Obituary

Juraj Gavula

Juraj Gavula

Video in which Juraj Gavula speaks about his artistic and pedagogical work at the Academy of Fine Arts and Design in Bratislava is published in memoriam.

 

 

Juraj Gavula passed away on 13 February 2026.

 


Funeral Address by the Rector

20 February 2026, Bratislava Crematorium

 

In 1990, Juraj Gavula took up the position of university lecturer leading the Glass Studio at the Academy of Fine Arts and Design in Bratislava. At that time, he already had an extensive artistic practice behind him, as well as exceptional pedagogical experience at the Department of Stone Sculpture at the Secondary School of Applied Arts in Bratislava. To this day, many graduates still identify with this formative stage of their education.

Juraj Gavula entered academia at a time of widespread social euphoria following the fall of the communist regime. These were still revolutionary times, full of expectations, impatience, and an urgent need to present the results of one’s creative work, but also marked by efforts to rebuild the school’s individual departments. Juraj Gavula followed in the footsteps of his teacher Václav Cigler, who understood the school as a “laboratory of thinking and an environment for self-discovery.” After Václav Cigler’s departure in 1979, the Glass Studio stagnated for a decade. Juraj Gavula arrived at a time when it was necessary to restore artistic thinking, technological knowledge and skills to education, as well as to create space for presenting students of glass in the emerging small exhibition venues of that period.

It was not easy for him, as he was confronted above all with the existential necessity of rebuilding the entire glass department from scratch, including its technological equipment. Everything at that time was happening on the move, yet Juraj Gavula was able to withstand the complexities of the period as well as the transformation processes within the school. He was a person of quiet strength and inner stability, grounded in systematic and honest work, in a foundation based on respect for sculptural material and artistic thinking. He belonged to those teachers who instilled in their students the habit of daily studio work, encouraging them to find their own means of artistic expression and their own themes to develop over the long term. Juraj Gavula approached each student individually; the assignments he formulated for them were based on their creative potential as well as their practical abilities.

I value Juraj Gavula for his reflections on materials. He was able to speak beautifully about stone, wood, or glass. In his understanding, there was no hierarchical order among them; he saw artistry in the ability to understand material and its laws. Although he was a graduate of a glass studio, in his own work he preferred stone or wood for their broader possibilities of artistic expression. Not being bound to glass as a material is a value that says much about Juraj Gavula’s freedom. This kind of freedom he also encouraged in his students.

In addition to stone, he also loved wood.
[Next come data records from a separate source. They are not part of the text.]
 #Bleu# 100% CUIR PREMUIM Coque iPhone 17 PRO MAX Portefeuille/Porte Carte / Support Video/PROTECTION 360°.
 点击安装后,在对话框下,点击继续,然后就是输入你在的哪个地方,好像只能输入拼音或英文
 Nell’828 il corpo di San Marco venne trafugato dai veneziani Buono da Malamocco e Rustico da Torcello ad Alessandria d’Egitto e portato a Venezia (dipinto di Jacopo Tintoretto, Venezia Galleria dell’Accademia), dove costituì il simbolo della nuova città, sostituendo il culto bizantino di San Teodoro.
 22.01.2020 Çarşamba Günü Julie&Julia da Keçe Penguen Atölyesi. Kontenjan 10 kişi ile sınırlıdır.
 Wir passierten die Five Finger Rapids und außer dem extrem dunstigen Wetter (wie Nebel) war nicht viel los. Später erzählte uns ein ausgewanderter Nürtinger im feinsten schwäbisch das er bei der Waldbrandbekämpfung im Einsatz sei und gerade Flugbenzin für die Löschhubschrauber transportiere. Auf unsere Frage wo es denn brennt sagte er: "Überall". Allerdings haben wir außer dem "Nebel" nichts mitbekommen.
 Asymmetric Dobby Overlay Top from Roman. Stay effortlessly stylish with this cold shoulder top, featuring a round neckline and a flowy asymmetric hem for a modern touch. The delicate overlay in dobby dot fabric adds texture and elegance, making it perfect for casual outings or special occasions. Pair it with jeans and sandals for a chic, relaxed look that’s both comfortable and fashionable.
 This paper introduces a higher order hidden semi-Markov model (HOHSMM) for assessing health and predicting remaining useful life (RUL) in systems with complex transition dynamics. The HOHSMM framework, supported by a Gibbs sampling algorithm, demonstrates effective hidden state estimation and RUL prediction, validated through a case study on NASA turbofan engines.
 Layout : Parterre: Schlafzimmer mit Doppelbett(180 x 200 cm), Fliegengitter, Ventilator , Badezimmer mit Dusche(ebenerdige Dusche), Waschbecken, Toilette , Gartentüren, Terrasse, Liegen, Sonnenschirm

I remember him once mentioning that the first glassworks were established precisely in places where there was plenty of beech wood, which made it possible to melt glass. It is a very beautiful way of thinking about broader interconnections, not only artistic but also cultural and economic.

At the end of my address, I will allow myself a more personal note. Juraj Gavula taught my brother Dalibor in the stone sculpture department at the Secondary School of Applied Arts, and in recent days we have spoken about him often. He respected his teacher and was fond of him. He told me that there are teachers who are able, at a certain moment, to say a sentence that fits like a key into a lock. Juraj Gavula told him that what is beautiful about stone is that it does not allow deception, that stone does not forgive. This largely determined his further creative direction.

Juraj Gavula was an exceptional teacher and a very good sculptor; he was a gentle yet extraordinarily strong person. I admit that I do not like to recall the 1990s — they were harsh, loud, and rough years — but thanks to people like Juraj Gavula, they could be endured with humanity.